What the task asks:
Could you return each line from the one bearing "A l'ombre de" through the last line of the entries, exactly as it stands, with no pictures?

Collected data entries:
-------------------------

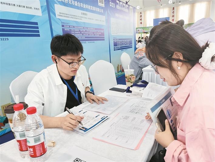 九师白杨市人力资源和社会保障局组织企业赴塔里木大学举办专场招聘会。图为工作人员为应聘者介绍岗位情况(资料图片)。
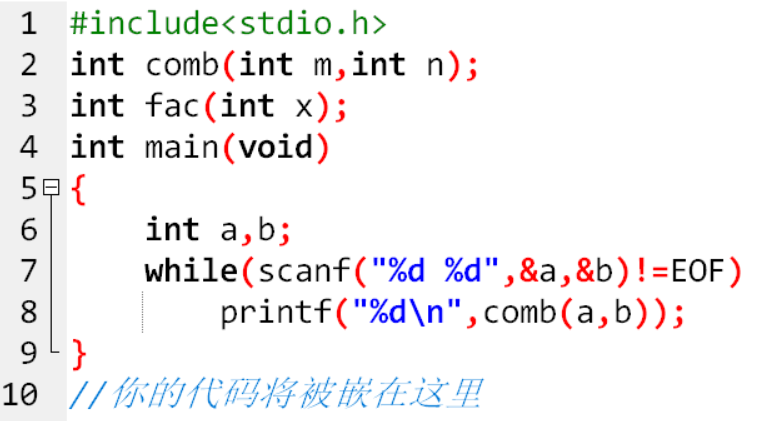 本题要求实现2个自定义函数:求组合数函数和求阶乘函数。
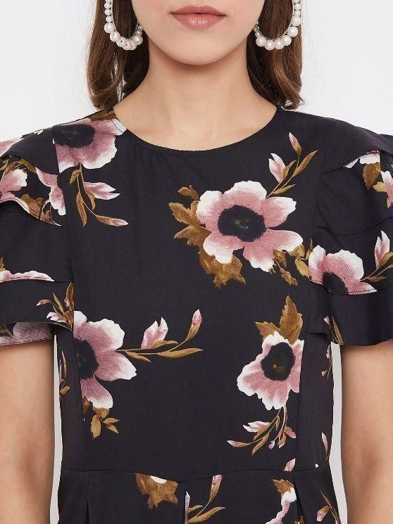 Product Name: UPTOWNIE Women's Crepe Floral Flared Sleeves Jumpsuit Package Contains: It has 1 Piece of Jumpsuit Size In Inches: 36 Color: Black Fabric: Crepe Pattern: Floral Style: Flared Jumpsuits Occasion: Casual Wash: Machine Combo/Set Of: Pack of 1 Brand: UPTOWNIE Length: Long Length Sleeve Length: Flared Sleeve Neck Type: Round Neck No Of Pockets: 2 Transparency: Opaque Weave Type: Woven Weight: 200
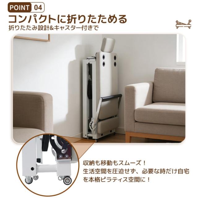 【コンパクトに折りたためる】折りたたみ設計&キャスター付きで 収納も移動もスムーズ!生活空間を圧迫せず、必要な時だけ自宅を本格ピラティス空間に!
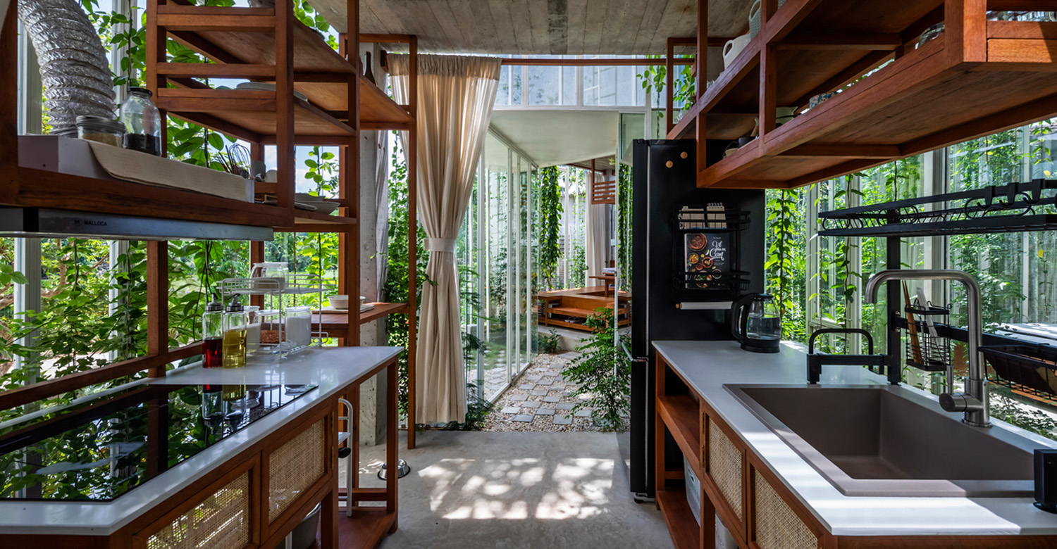 สามารถนำรูปแบบไปปรับใช้ให้เหมาะสมกับสถานที่และขนาดพื้นที่ได้ตามต้องการ ซึ่งข้อดีของการทำครัวเชื่อมกับสวน นอกจากจะมองเห็นพื้นที่สีเขียวได้จากภายในแล้ว ยังได้เรื่องของแสงสว่างจากภายนอกได้อย่างเต็มที่อีกด้วย
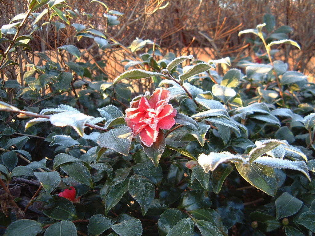 サザンカに霜がおりていました
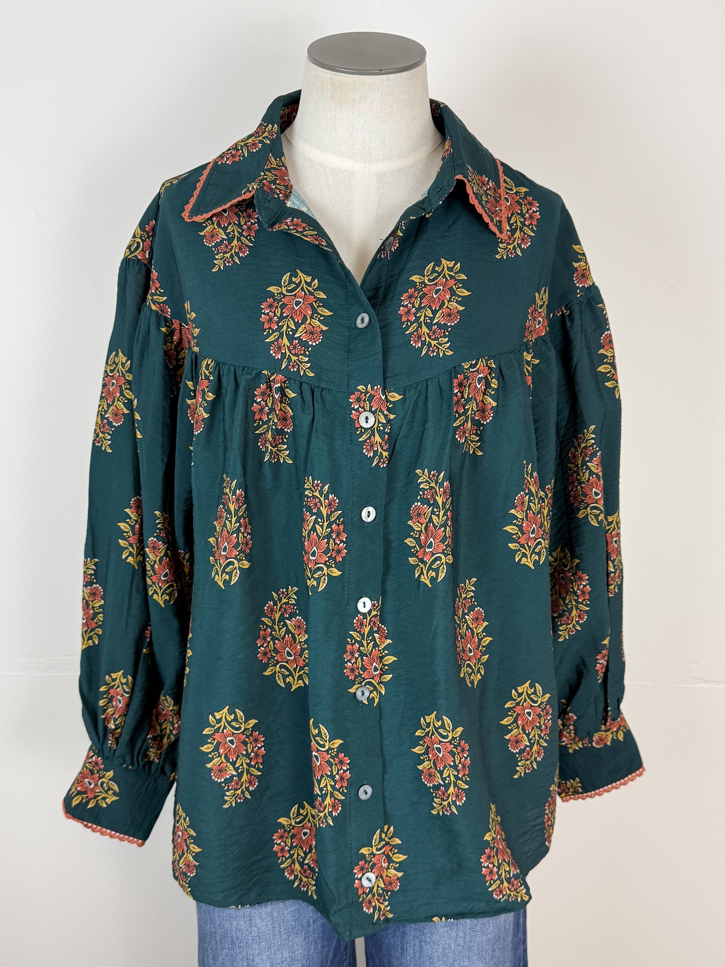 The Abigail Blouse in Dark Green is a printed, collared button-up with an effortlessly flowy fit. Cute and versatile, it's the perfect piece for creating polished looks that feel comfortable and put-together.
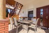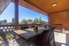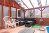 Über eine Außentreppe von der Terrasse der Erdgeschosswohnung aus, erreicht man das Dachgeschoss. Hier finden Sie eine geräumige, überdachte Terrasse mit modernen Gartenmöbeln. Von hier aus gelangt man in die Wohnküche.
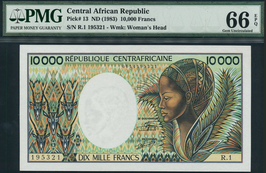 Central African Republic, 10,000 francs, ND (1983), serial number R.1 0014195321, green on multicolour, five antelope heads at left, women at right
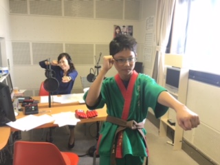 スタジオにも緑のかっこいい胴着を着てきてくれました。
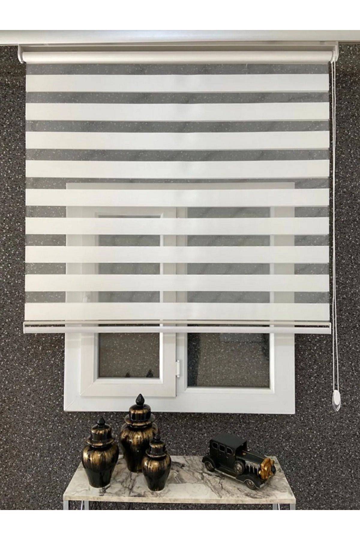 Beyaz Geniş Pliseli Zebra Stor Perde Eteği Dilimli (alüminyum Kasa+metal ayak
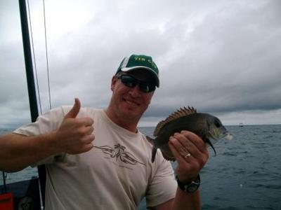 We then shot back to Reef no. 1 and fished on the bottom with light tackle and caught a lot of smaller fish and a huge variety of species like Copper Bream, Englishman, Slinger, Rockod (On Drop Shot), Stumpy, Black Tail, Trigger Fish etc. . I put a large Eastern Little Tuna out as shark bait on a balloon with no takes. We headed back at around 15h00.
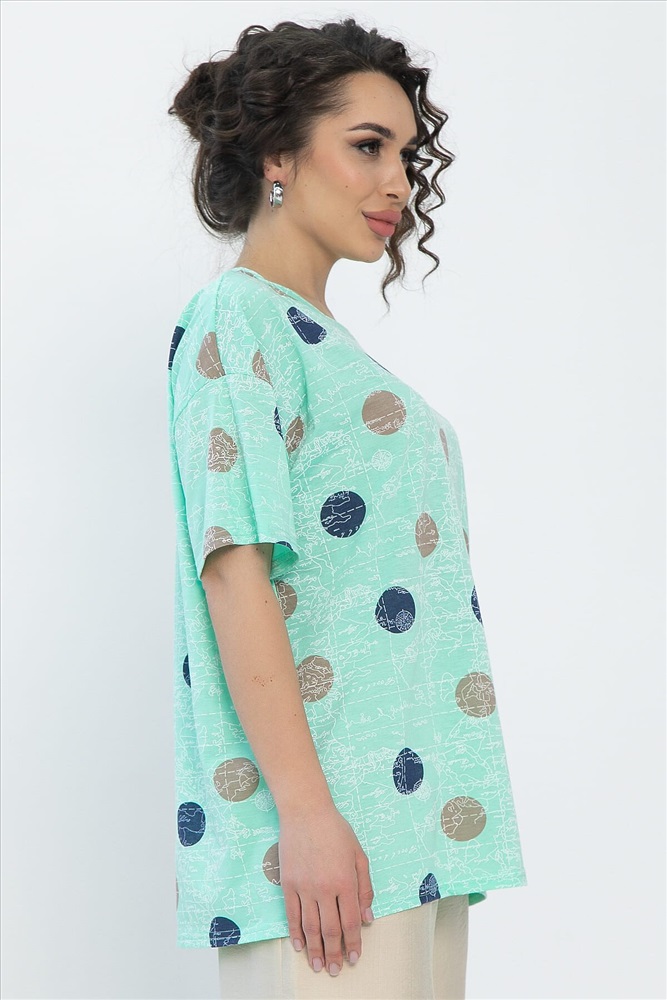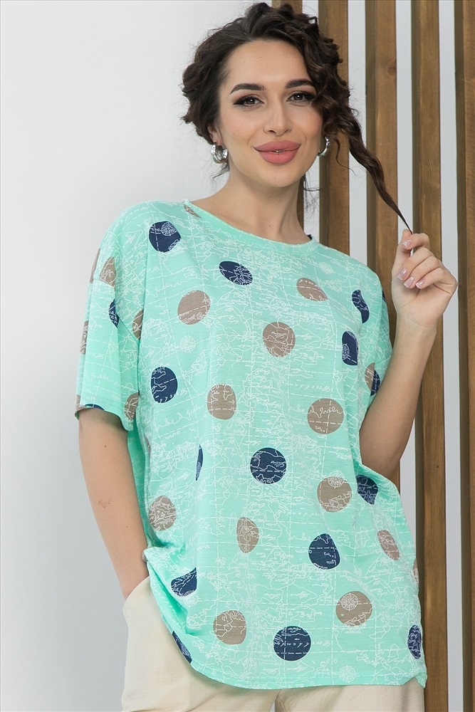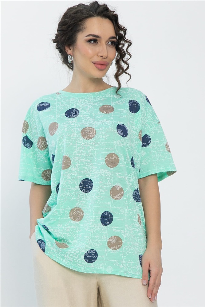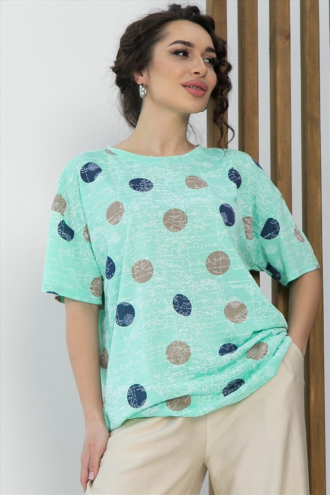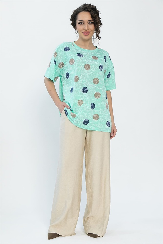 ID товара: 1123901 Состав: 50% Вискоза, 40% Хлопок, 10% Спандекс Сезон: Весна/Лето Длина: Средняя Фасон: Свободный Рукав: Короткие Вырез горловины: Округлый Рисунок: Горох Декоративные элементы: Принт Основная ткань: Вискоза Стиль: Повседневный Страна бренда: Россия Страна производства: Россия Состав: 50% вискоза, 40% хлопок, 10% спандекс. Материал: трикотаж. Цвет: зелёный. Принт: круги, абстракция. Силуэт: оверсайз. Карманы: отсутствуют. Подкладка: отсутствует. Вид застежки: без застёжки. Декоративные элементы: отсутствуют. Длина: One size (44-50) - 70 см. Отснято с брюками из комлекта К13591-30М Обновите свой летний гардероб с нашей блузкой в зелёном оттенке! Она станет вашим идеальным спутником в теплые дни, даря комфорт и стильный вид. Легко сочетается с шортами, джинсами и юбками, что делает его отличным выбором как для повседневных прогулок, так и для отдыха. Уход за изделием: ручная стирка до 30 градусов; нельзя отбеливать; отжим запрещён; гладить при t не более 110 С; гладить с изнанки. Внимание! Рекомендуем ориентироваться на размерную сетку и выбирать свой привычный размер, согласно размерной таблице. *Допуск отклонения длины при массовом производстве 1-3 см является нормой. Комментарии к товару
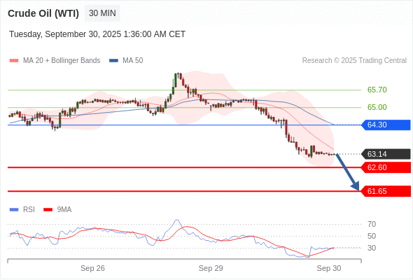 在 64.30 之下,看跌,目标价位为 62.60 ,然后为 61.65 。
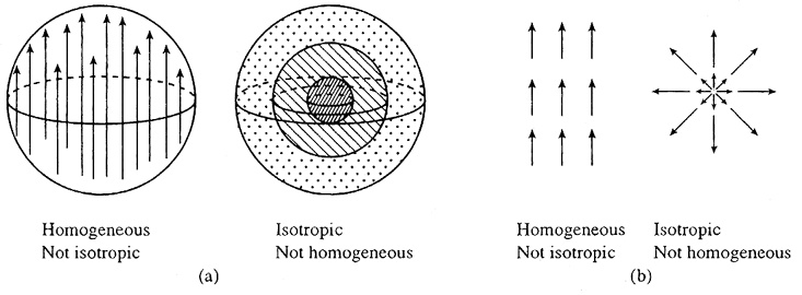 Illustrations of how homogeneity and isotropy are not equivalent in (a) three dimensions and (b) two dimensions. In the first example of each, a unique direction is picked out but translation invariance is maintained. In the second example of each, all directions are the same (rotation invariance) but a radial gradient exists. [2]
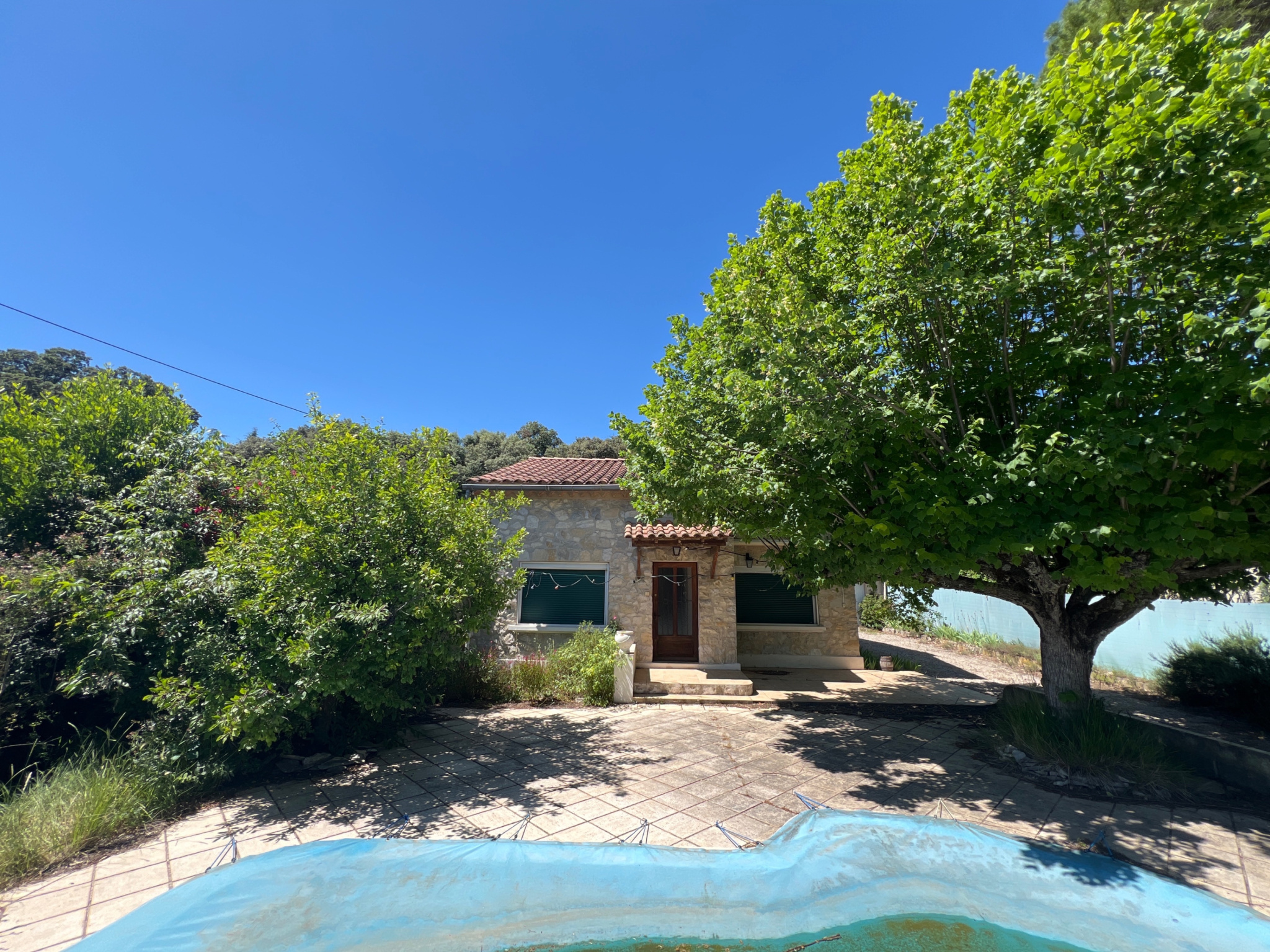 A l'ombre de son tilleul, à l'abri du soleil méditerranéen, vous pourrez prendre vos repas estivaux sur sa spacieuse terrasse exposée plein sud donnant sur la piscine.
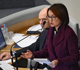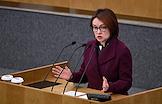Пленарное заседание Государственной думы (ГД) России. Председатель Центрального Банка России Эльвира Набиуллина во время заседания.

-------------------------

Answer box:
 A l'ombre de son tilleul, à l'abri du soleil méditerranéen, vous pourrez prendre vos repas estivaux sur sa spacieuse terrasse exposée plein sud donnant sur la piscine.
Пленарное заседание Государственной думы (ГД) России. Председатель Центрального Банка России Эльвира Набиуллина во время заседания.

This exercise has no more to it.